SMMAT(null.obj, geno.file, group.file, group.file.sep = "\t", 
	meta.file.prefix = NULL, MAF.range = c(1e-7, 0.5), 
	MAF.weights.beta = c(1, 25), miss.cutoff = 1, 
	missing.method = "impute2mean", method = "davies", 
	tests = "E", rho = c(0, 0.1^2, 0.2^2, 0.3^2, 0.4^2, 
	0.5^2, 0.5, 1), use.minor.allele = FALSE, 
	auto.flip = FALSE, Garbage.Collection = FALSE,
	is.dosage = FALSE, ncores = 1, verbose = FALSE)
SMMAT.prep(null.obj, geno.file, group.file, group.file.sep = "\t", 
	auto.flip = FALSE)
SMMAT.lowmem(SMMAT.prep.obj, geno.file = NULL, meta.file.prefix = NULL,
        MAF.range = c(1e-7, 0.5), MAF.weights.beta = c(1, 25),
	miss.cutoff = 1, missing.method = "impute2mean",
	method = "davies", tests = "E", rho = c(0, 0.1^2,
	0.2^2, 0.3^2, 0.4^2, 0.5^2, 0.5, 1),
	use.minor.allele = FALSE, Garbage.Collection = FALSE,
	is.dosage = FALSE, ncores = 1, verbose = FALSE)

Arguments

`null.obj`	a class glmmkin or a class glmmkin.multi object, returned by fitting the null GLMM using `glmmkin`.
`geno.file`	the .gds file name or an object of class SeqVarGDSClass for the full genotypes. The `sample.id` in `geno.file` should overlap `id_include` in `null.obj`. It is recommended that `sample.id` in `geno.file` include the full samples (at least all samples as specified in `id_include` of `null.obj`). It is not necessary for the user to take a subset of `geno.file` before running the analysis. If `geno.file` is an object of class SeqVarGDSClass, the .gds file will be closed upon successful completion of the function.
`group.file`	a plain text file with 6 columns defining the test units. There should be no headers in the file, and the columns are group name, chromosome, position, reference allele, alternative allele and weight, respectively.
`group.file.sep`	the delimiter in group.file (default = "\t").
`meta.file.prefix`	prefix of intermediate files (.score.* and .var.*) required in a meta-analysis. If NULL, such intermediate files are not generated (default = NULL).
`MAF.range`	a numeric vector of length 2 defining the minimum and maximum minor allele frequencies of variants that should be included in the analysis (default = c(1e-7, 0.5)).
`MAF.weights.beta`	a numeric vector of length 2 defining the beta probability density function parameters on the minor allele frequencies. This internal minor allele frequency weight is multiplied by the external weight given by the group.file. To turn off internal minor allele frequency weight and only use the external weight given by the group.file, use c(1, 1) to assign flat weights (default = c(1, 25)).
`miss.cutoff`	the maximum missing rate allowed for a variant to be included (default = 1, including all variants).
`missing.method`	method of handling missing genotypes.

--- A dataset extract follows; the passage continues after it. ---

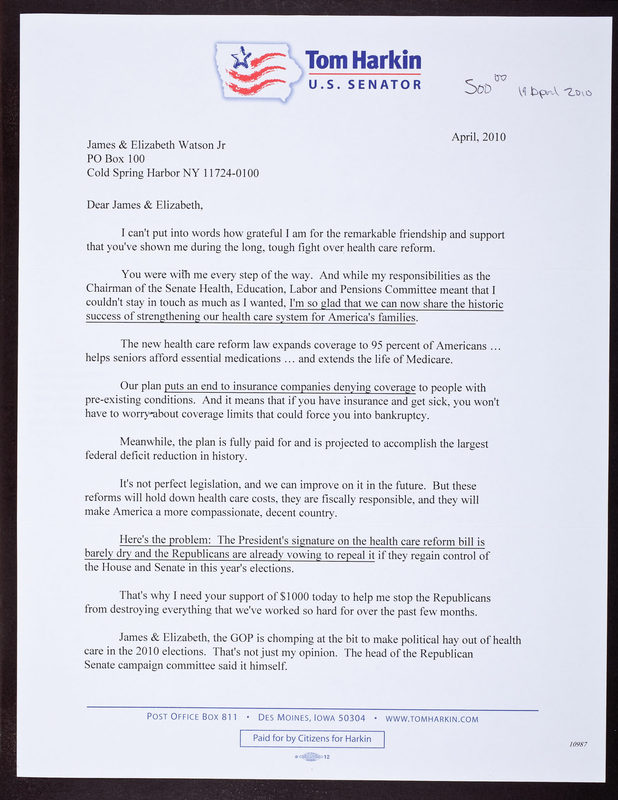 Item JDW/2/2/782: Harkin, Tom (U.S. Senator) (2009-2010)

Either "impute2mean" or "impute2zero" (default = "impute2mean").
`method`	a method to compute p-values for SKAT-type test statistics (default = "davies"). "davies" represents an exact method that computes a p-value by inverting the characteristic function of the mixture chisq distribution, with an accuracy of 1e-6. When "davies" p-value is less than 1e-5, it defaults to method "kuonen". "kuonen" represents a saddlepoint approximation method that computes the tail probabilities of the mixture chisq distribution. When "kuonen" fails to compute a p-value, it defaults to method "liu". "liu" is a moment-matching approximation method for the mixture chisq distribution.
`tests`	a character vector indicating which SMMAT tests should be performed ("B" for the burden test, "S" for SKAT, "O" for SKAT-O and "E" for the efficient hybrid test of the burden test and SKAT). The burden test and SKAT are automatically included when performing "O", and the burden test is automatically included when performing "E" (default = "E").
`rho`	a numeric vector defining the search grid used in SMMAT-O for SKAT-O (see the SKAT-O paper for details). Not used for SMMAT-B for the burden test, SMMAT-S for SKAT or SMMAT-E for the efficient hybrid test of the burden test and SKAT (default = c(0, 0.1^2, 0.2^2, 0.3^2, 0.4^2, 0.5^2, 0.5, 1)).
`use.minor.allele`	a logical switch for whether to use the minor allele (instead of the alt allele) as the coding allele (default = FALSE). It does not change SMMAT-S results, but SMMAT-B (as well as SMMAT-O and SMMAT-E) will be affected. Along with the MAF filter, this option is useful for combining rare mutations, assuming rare allele effects are in the same direction.
`auto.flip`	a logical switch for whether to enable automatic allele flipping if a variant with alleles ref/alt is not found at a position, but a variant at the same position with alleles alt/ref is found (default = FALSE). Use with caution for whole genome sequence data, as both ref/alt and alt/ref variants at the same position are not uncommon, and they are likely two different variants, rather than allele flipping.
`Garbage.Collection`	a logical switch for whether to enable garbage collection in each test (default = FALSE). Pay for memory efficiency with slower computation speed.
`is.dosage`	a logical switch for whether imputed dosage should be used from `geno.file` (default = FALSE).
`ncores`	a positive integer indicating the number of cores to be used in parallel computing (default = 1).
`verbose`	a logical switch for whether a progress bar should be shown (default = FALSE).
`SMMAT.prep.obj`	a class SMMAT.prep object, returned by `SMMAT.prep`.

Value

SMMAT and SMMAT.lowmem return a data frame with the following components:

`group`	name of the test unit group.
`n.variants`	number of variants in the test unit group that pass the missing rate and allele frequency filters.
`miss.min`	minimum missing rate for variants in the test unit group.
`miss.mean`	mean missing rate for variants in the test unit group.
`miss.max`	maximum missing rate for variants in the test unit group.
`freq.min`	minimum coding allele frequency for variants in the test unit group.
`freq.mean`	mean coding allele frequency for variants in the test unit group.
`freq.max`	maximum coding allele frequency for variants in the test unit group.
`B.score`	burden test score statistic.
`B.var`	variance of burden test score statistic.
`B.pval`	burden test p-value.
`S.pval`	SKAT p-value.
`O.pval`	SKAT-O p-value.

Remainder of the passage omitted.